Linked brushing in the Model Diagnostics tab showed that the model fits the data well and highlighted filled-out and dense clusters that are not visible from the NLDR layout (Figure 6.3).

6.6 Conclusions

This chapter introduces menuraR, a web-based interface designed to assist in the evaluation and selection of the most reasonable NLDR layout(s). Although NLDR methods such as tSNE and UMAP are widely used for visualizing high-dimensional data, interpreting and selecting the most representative layout can be complex. The menuraR application addresses this challenge by providing an accessible, intuitive, and interactive environment that encapsulates the diagnostic features of the quollr package, making NLDR selection feasible for users with varying levels of technical expertise.
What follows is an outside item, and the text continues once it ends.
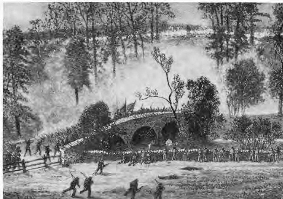
The charge across the Burnside Bridge. From a sketch made at the time.

More men were killed and wounded at Antietam on September 17, it is said, than on any other single day of battle during the war. Federal losses in killed and wounded were 12,410, or 15.4 percent of those engaged; Confederate losses in killed and wounded were 10,700, or 26.1 percent of those engaged

Developed using the R Shiny framework, menuraR eliminates many of the technical barriers traditionally associated with advanced statistical software. Users do not need to install additional packages or configure language-specific environments, which is particularly valuable for interdisciplinary research teams and educational settings. The platform helps users to compare NLDR layouts, select the ones that most accurately represent the high-dimensional data structure, and assess NLDR results.

Currently, menuraR supports only two NLDR methods: tSNE and UMAP for computing additional layouts within the app. Performance may vary depending on dataset size and browser memory limits, as all computations are handled server-side. Users working with very large datasets may experience slower response times, and expanding support to other NLDR methods is a potential direction for future development.

6.7 Supplementary materials

The menuraR application is available online at https://ebsmonash.shinyapps.io/menuraR/. All data and materials used in the study are openly available. The survey data collected from participants can be accessed at https://github.com/JayaniLakshika/Monash_PhD_thesis/blob/main/data/menuraR/usability_study_data.csv. The example datasets provided within the menuraR app are available at https://github.com/JayaniLakshika/Monash_PhD_thesis/tree/main/data/menuraR.

Additionally, the run sheets used to guide participants through the usability study are publicly available at https://github.com/JayaniLakshika/Monash_PhD_thesis/tree/main/scripts/menuraR/run_sheets.

6.8 Acknowledgments

We thank members of NUMBATs, the working group of the Department of Econometrics and Business Statistics, Monash University, Australia, for their participation in the usability survey and for providing valuable feedback that helped improve this research.